Frischer Wind im Wettbewerb zum Werkzeugbau des Jahres

Der Einstieg wird einfacher

Der Siegerpokal 2016 von Phoenix Contact. © Fraunhofer IPT

Der Siegerpokal 2016 von Phoenix Contact. © Fraunhofer IPT

Nach dem Wettbewerb ist vor dem Wettbewerb: Mit dem Wettbewerb 'Excellence in Production' küren das Werkzeugmaschinenlabor WZL der RWTH Aachen und das Fraunhofer-Institut für Produktionstechnologie IPT jährlich die besten Werkzeug- und Formenbaubetriebe im deutschsprachigen Raum.
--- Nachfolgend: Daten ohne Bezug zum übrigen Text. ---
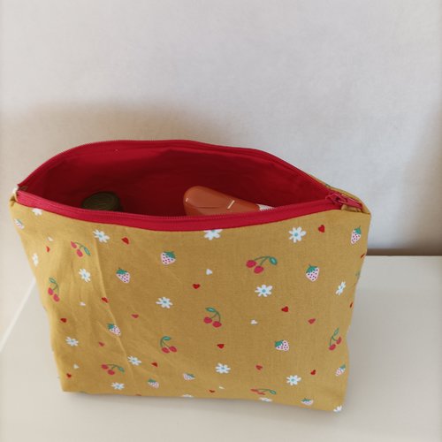 trousse en tissus , tissu moutarde à motifs cerises,fraises,intérieur rouge uni ,fermeture éclair rouge , thermocollant à l'intérieur , H/L / 16 / 25 cm, fond 11,5 cm.
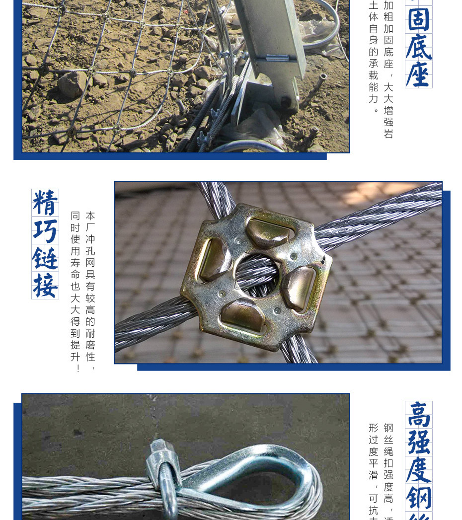由鋼絲繩網(wǎng)、環(huán)形網(wǎng)、(需攔截小塊落石時(shí)附加一層鐵絲格柵)、固定系統(tǒng)(錨桿、拉錨繩、基座和支撐繩)減壓環(huán)和鋼柱四個主要部分構(gòu)成。鋼柱和鋼絲繩網(wǎng)連接組合構(gòu)成一個整體,對所防護(hù)的區(qū)域形成面防護(hù),從而阻止崩塌巖石土體的下墜,起到邊坡防護(hù)作用。
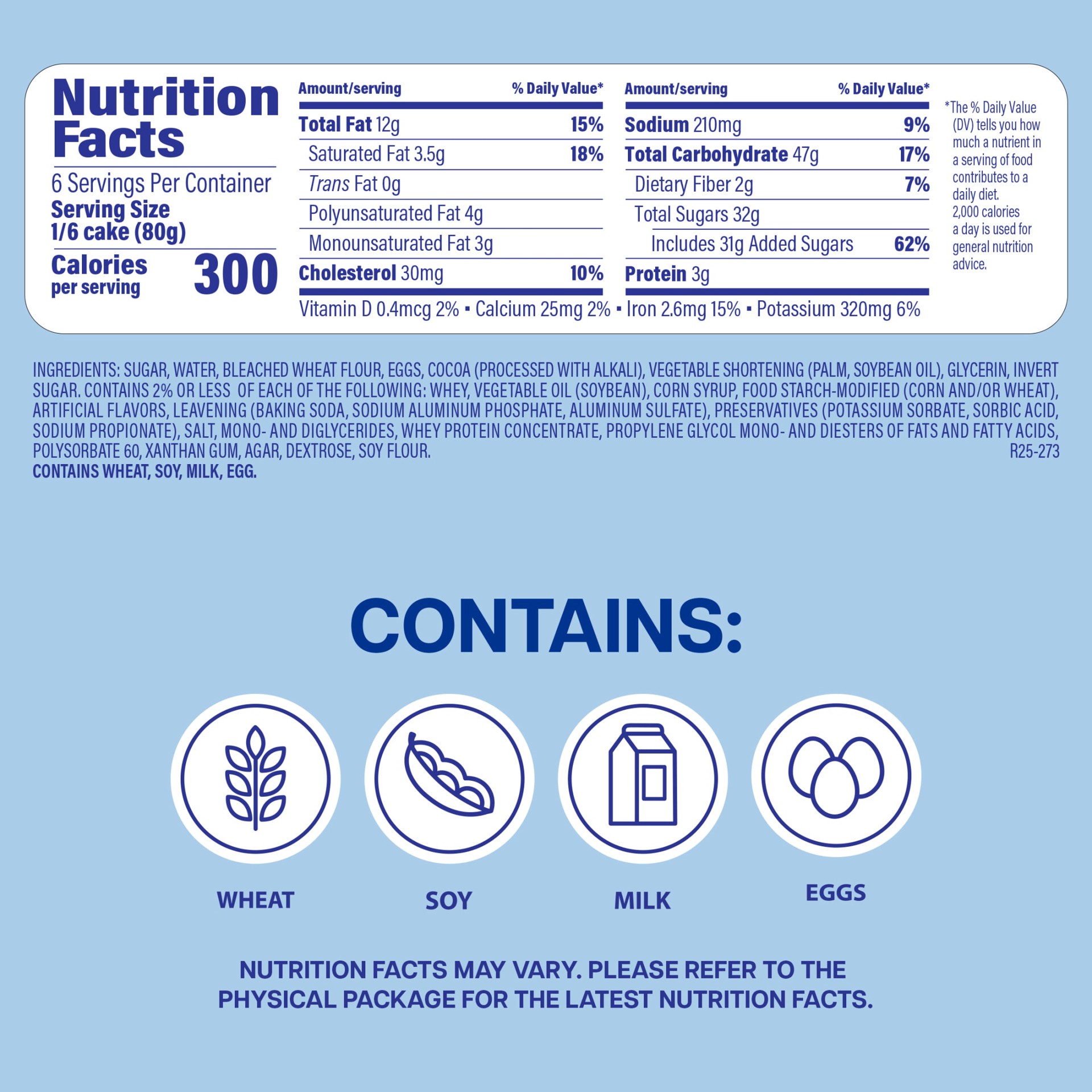 Sugar, Water, Bleached Wheat Flour, Eggs, Cocoa (Processed with Alkali), Vegetable Shortening (Palm, Soybean Oil), Glycerin, Invert Sugar. Contains 2% or Less of Each of the Following: Whey, Vegetable…

Zum Start der Werkzeugbau-Fachmesse formnext am 15. November 2016 ging der Wettbewerb in die 14. Runde, die mit organisatorischen und inhaltlichen Änderungen verbunden ist: Durch einen reduzierten Fragebogen wird der Einstieg gerade für Unternehmen, die zum ersten Mal dabei sein wollen, deutlich erleichtert. Erst in einer zweiten Wettbewerbsphase müssen dann detailliertere Fragen beantwortet werden. Außerdem verlosen die Veranstalter zwei zusätzliche Vor-Ort-Besuche der Aachener Werkzeugbau-Experten unter allen Teilnehmern.
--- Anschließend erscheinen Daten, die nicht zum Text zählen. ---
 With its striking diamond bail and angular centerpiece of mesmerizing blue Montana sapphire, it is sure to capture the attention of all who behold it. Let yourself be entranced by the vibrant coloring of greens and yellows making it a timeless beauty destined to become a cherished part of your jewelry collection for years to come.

Aufwand reduziert: In der ersten Runde nur zentrale Fragen

Bereits zum 14. Mal suchen das WZL der RWTH Aachen und das Fraunhofer IPT den besten Werkzeugbaubetrieb im deutschsprachigen Raum. In diesem Jahr wird die Teilnahme für die Unternehmen durch einen reduzierten Fragebogen und einen neuen Wettbewerbsmodus vereinfacht: Nach der Anmeldung unter www.excellence-in-production.de können Unternehmen zunächst den ersten Teil des Fragebogens ausfüllen. Dafür ist bis zum 1. März 2017 eine Auswahl zentraler Fragen zu beantworten. Im Anschluss erhalten die Teilnehmer sogleich eine erste Auswertung, bevor es mit vertiefenden Fragen in die zweite Wettbewerbsphase geht. Der Einsendeschluss für die zweite Runde ist dann der 1. Mai 2017.
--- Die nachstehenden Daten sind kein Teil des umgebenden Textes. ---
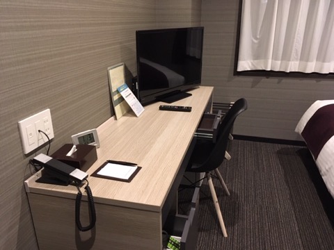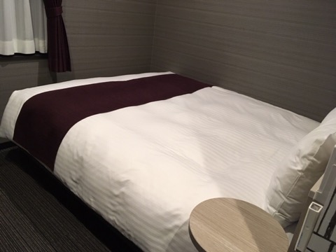部屋はシンプルだが清潔感もあり、ベッドはダブルベッドサイズで広々。サイドテーブルも設置されている。そして枕元に充電用のコンセントがあるのが嬉しい。すごく広いわけではないがシングルで泊まるには十分。
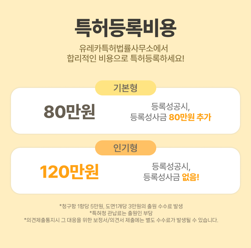 유레카 특허법률사무소는 출원 착수금 80만원의 합리적인 금액으로 진행됩니다.
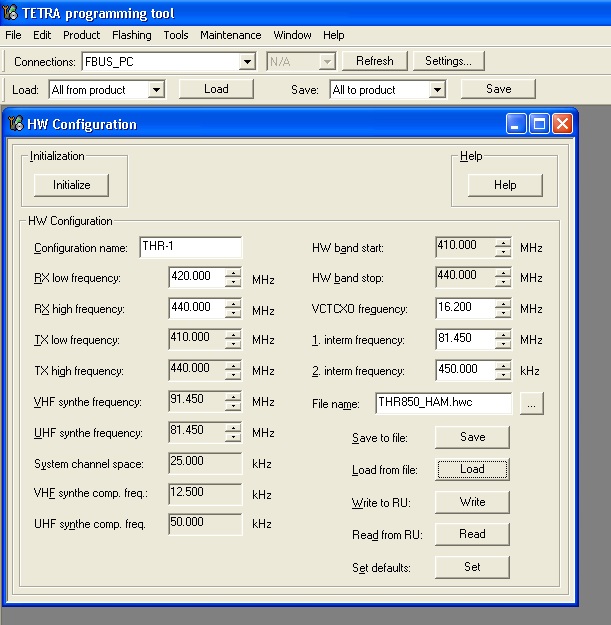 Ich habe ein Nokia THR850 (RC1, 410-430 MHz, ehem. Dolphin) und einen "technischen" LPT-Schlüssel der die Engineering-Einstellungen in EADS TETRA Programming Tool (Phoenix) ermöglicht.

Jeder Teilnehmer erhält detaillierte Auswertung

Durch die stärkere Fokussierung des Fragebogens auf die wichtigsten Inhalte reduziert sich der Aufwand zur Teilnahme am Wettbewerb für alle Unternehmen deutlich, ohne dass sich die Aussagekraft der Auswertung verändert. Die detaillierte Auswertung umfasst mehr als 90 Kennzahlen, die als Ansatzpunkte für Verbesserungen im eigenen Betrieb dienen können.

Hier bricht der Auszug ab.